- Citizenship: Italian, French
- Education: University of Milan, University of Paris 7
- Known for: Studies of the physiopathology of chronic kidney disease
- Awards: Grand Prize of the Académie Nationale de Médecine, Prize of the French Kidney Foundation
- Scientific career
- Fields: Paediatrics

= Fabiola Terzi =

Italian-French scientist and physician

Fabiola Terzi is an Italian-French scientist and physician. She is known for her research on chronic kidney disease. Since January 2020, she serves as the director of the research Institut Necker-Enfants Malades (INEM) in Paris. In 2025, she was appointed Knight of the Legion of Honour.

== Life and career ==
Fabiola Terzi attended medical school at the University of Milan where she graduated with a medical degree (M.D.) in 1986. She then trained as a pediatrician in the team of Professor Fabio Sereni in Milan specializing in pediatric nephrology. In 1989 she moved to Paris where she continued her specialization in pediatric nephrology in the team of Professor Michael Broyer and started a Ph.D. project under the supervision of Professor Claire Kleinknecht (Université Paris Diderot, Paris) developing her interest for the molecular mechanisms of renal diseases. After her doctorate, she went on to train as a postdoc, first in the team of Professor Pascal Briand (Institut Cochin, Paris), then in the team of Professor Gérard Friedlander (Faculté de Médecine, Site Bichat, Paris).

With time she progressively focused on the physiopathology of chronic kidney disease (CKD). From 2003 on, she began to build up her own laboratory ("Mechanisms and Therapeutic Strategies of Chronic Kidney Disease"), which she has headed since then. Upon the founding of the Institute Necker-Enfants Malades (INEM) in 2014, a research center affiliated to the French National Institute of Health and Medical Research, the French National Center for Scientific Research and to the University of Paris, she became head of the "Growth and Signaling" department. Since January 2020, she serves as the director of INEM responsible for 21 research teams (as of May 2026). Besides, she is editor of the "Experimental Nephrology and Genetics" section of the journal Nephron since 2015.

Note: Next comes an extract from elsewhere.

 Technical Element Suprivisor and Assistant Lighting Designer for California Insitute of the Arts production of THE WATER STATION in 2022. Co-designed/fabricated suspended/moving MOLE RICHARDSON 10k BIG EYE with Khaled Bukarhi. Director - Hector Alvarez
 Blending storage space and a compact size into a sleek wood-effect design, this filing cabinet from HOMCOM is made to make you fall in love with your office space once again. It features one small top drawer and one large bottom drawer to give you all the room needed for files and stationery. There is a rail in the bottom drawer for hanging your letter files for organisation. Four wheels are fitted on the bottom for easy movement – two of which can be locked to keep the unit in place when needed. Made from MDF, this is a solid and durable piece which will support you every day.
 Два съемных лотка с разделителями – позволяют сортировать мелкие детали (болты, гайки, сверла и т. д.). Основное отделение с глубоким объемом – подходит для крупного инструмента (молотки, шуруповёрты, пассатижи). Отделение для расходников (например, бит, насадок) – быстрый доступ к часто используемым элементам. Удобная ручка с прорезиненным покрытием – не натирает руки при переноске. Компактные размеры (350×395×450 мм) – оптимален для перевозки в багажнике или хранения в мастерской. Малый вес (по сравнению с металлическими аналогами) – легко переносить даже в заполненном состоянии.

== Scientific contribution ==
Fabiola Terzi's scientific work centers on the cellular events contributing either to the prevention or progression of chronic kidney disease (CKD) and on characterizing the pathways and genetic programs underlying these events. She developed distinct experimental models of CKD, above all a model of nephron reduction, leading her to the discovery of pathways and potential pharmacological targets driving CKD. In particular, her team revealed a detrimental role of the epidermal growth factor receptor (EGFR) pathway in the fate of CKD, the activation of which aggravates renal lesions after nephron reduction.

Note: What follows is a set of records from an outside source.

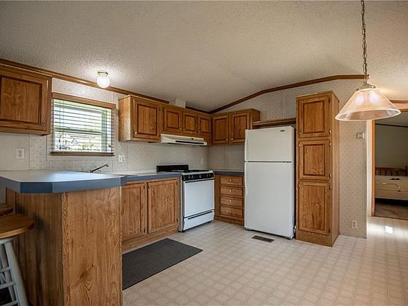 THIS WELL MAINTAINED 2 BEDROOM 2 FULL BATH MOBILE HOME SITS ON A HUGE LOT ON A SIDE STREET IN A QUAINT WHEATLAND NEIGHBORHOOD. THE MASTER BEDROOM HAS A LARGE WALK IN CLOSET AND A MASTER BATH WITH A GARDEN TUB AND A SHOWER. A SKYLIGHT PROVIDES A FLOOD OF NATURAL LIGHT. THE OPEN CONCEPT LIVING ROOM AND KITCHEN HAS A BREAKFAST BAR AND 2 BAR STOOLS ARE INCLUDED. THE GAS STOVE AND REFRIGERATOR ARE ALSO INCLUDED. THERE IS LAUNDRY ROOM AREA LOCATED OFF THE KITCHEN AREA. THE SECOND BEDROOM IS AMPLE SIZE AND HAS A LARGE CLOSET. AN ALLEY PROVIDES EASY ACCESS TO A NEWER 30X40 DETACHED GARAGE WITH EXTRA TALL GARAGE DOORS, A CONCRETE FLOOR, A SIDE MAN DOOR AND FULL ELECTRIC SERVICE. A LARGE SHED IS CONVENIENTLY LOCATED OFF THE BACK PATIO. THIS PROPERTY CONSISTS OF 3 LOTS AND ENCOMPASSES THE ENTIRE CORNER.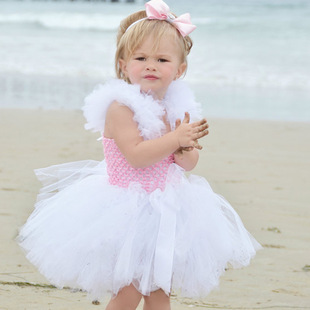 Ellie's Brida夢幻白色羽毛層疊裙 兒童晚禮服 婚禮服 花童裙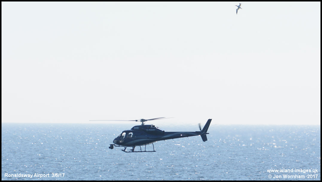 Twin Squirrel G-TVHD is off to film a TT practice session, passing underneath a gannet!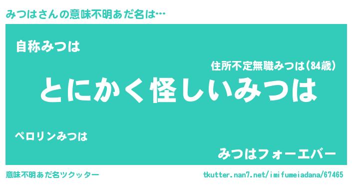 | 女子向けラノベタイトル風あだ名 | 『みつはの卵を拾いまして』『闇のみつは』 |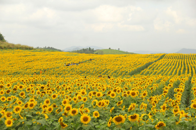 Màu vàng của cánh đồng hướng dương trải dài từ quả đồi này đến quả đồi khác, như là vô tận đến cuối chân trời.

Beyond that, she has been involved in several translational studies that have succeeded in the identification of novel biomarkers (of the progression) of renal diseases in humans. These latter are protected by five patent filings (as of July 2022).

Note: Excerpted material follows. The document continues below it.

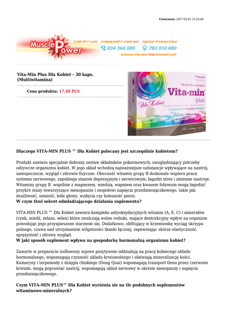 Utworzono: 2017-03-02 15:24:48 Vita-Min Plus Dla Kobiet - 30 kaps. (Multiwitamina) Cena produktu: 17,49 PLN Dlaczego VITA-MIN PLUS ™ Dla Kobiet polecany jest szczególnie kobietom? Produkt zawiera specjalnie dobrany zestaw składników pokarmowych, uwzględniający potrzeby odżywcze organizmu kobiet. W jego skład wchodzą najważniejsze substancje wpływające na nastrój, samopoczucie, wygląd i zdrowie fizyczne. Obecność witamin grupy B doskonale wspiera pracę systemu nerwowego, zapobiega stanom depresyjnym i nerwicowym, łagodzi stres i zmienne nastroje. Witaminy grupy B wspólnie z magnezem, miedzią, wapniem oraz kwasem foliowym mogą łagodzić przykre stany towarzyszące menopauzie i zespołowi napięcia przedmiesiączkowego, takie jak: drażliwość, senność, bóle głowy, wzdęcia czy bolesność piersi. W czym tkwi sekret odmładzającego działania suplementu? VITA-MIN PLUS ™ Dla Kobiet zawiera kompleks antyoksydacyjnych witamin (A, E, C) i minerałów (cynk, miedź, żelazo, selen) które zwalczają wolne rodniki, mające destrukcyjny wpływ na organizm powodując jego przyspieszone starzenie się. Dodatkowo, obfitujący w krzemionkę wyciąg skrzypu polnego, czuwa nad utrzymaniem wilgotności tkanki łącznej, zapewniając skórze elastyczność, sprężystość i zdrowy wygląd. W jaki sposób suplement wpływa na gospodarkę hormonalną organizmu kobiet? Zawarte w preparacie izoflawony sojowe pozytywnie oddziałują na pracę kobiecego układu hormonalnego, wspomagają czynność układu krwionośnego i ułatwiają mineralizację kości. Kumaryny i terpenoidy z dzięgla chiskiego (Dong Quai) wspomagają transport tlenu przez czerwone krwinki, mogą poprawiać nastrój, wspomagają układ nerwowy w okresie menopauzy i napięcia przedmisiączkowego. Czym VITA-MIN PLUS™ Dla Kobiet wyróżnia sie na tle podobnych suplementów witaminowo-mineralnych? Wszystkie składniki mineralne występują w postaci chelatowej- w specjalnym połączeniu z kwasami organicznymi, dzięki czemu charakteryzują się bardzo wysoką przyswajalnością przez organizm. Nie osłabiają ponadto działania witamin i są bardziej odporne na obecność konserwantów i wielu innych niekorzystnych związków obecnych w żywności. VITA-MIN PLUS™ dla kobiet to przewaga nad innymi suplementami, dzięki zdecydowanie lepszej przyswajalności. Skład: Porcja: 1 kap. Porcji w opakowaniu: 30 Opakowanie: 30 kap. Wartość odżywcza w 1 kap. Witamina A 800 µg Witamina D 5 µg Witamina E 10 mg Witamina C 60 mg Witamina B1 1,4 mg Witamina B2 1,6 mg Niacyna 18 mg Witamina B6 2 mg Kwas foliowy 200 µg Witamina B12 1 µg Biotyna 150 µg Kwas pantotenowy 6 mg Ekstrakt izoflawonów sojowych (40%) w tym: izoflawony sojowe 10mg 4mg Żeńszeń Don Quai 50mg Ekstrakt skrzypu polnego w tym krzemionka 50mg 3,5mg Ekstrakt pieprzu czarnego/ Bioperine (95%) 1mg Wapń 31% Albion® mineral 69% węglan wapnia 150mg Magnez 59% Albion® amino acid chelate 41% tlenek magnezu 70mg Potas 29% Albion® amino acid complex71% chlorek potasu 40mg Cynk* Albion® amino acid chelate (Chelazome®) 10 mg Żelazo Albion® amino acid chelate (Ferrochel®) 1 mg Mangan Albion® amino acid chelate 1mg Miedź Albion® amino acid chelate (Chelazome®) 150 µg Jod 150 µg Chrom Albion® amino acid chelate (Chelavite®) 50 µg Selen Albion® amino acid complex 30 µg Molibden Albion® amino acid chelate 25 µg Dawkowanie: Suplement najlepiej przyjmować w ilości 1 kapsułki na dobę. Ilość Adres: http://www.muscle.trustnet.pl/ 30 kaps. Telefon: 34 36 43 000, 782 010 880 Email: [email protected]

Along with other CKD experts, she is the co-initiator of TrainCKDis, a European training programme intended to train the next generation of CKD scientists, which is funded by the European Union's Horizon 2020 research and innovation programme.

== Awards and honors ==
For her scientific contributions to the field of nephrology she has been awarded the Grand Prize of the French National Academy of Medicine (French: Grand Prix de l'Académie Nationale de Médecine) in 2009 and the Prize of the French Kidney Foundation (French: Prix de la Fondation du Rein) in 2011. In 2025, Fabiola Terzi was appointed Knight of the Legion of Honour, France's highest order of merit.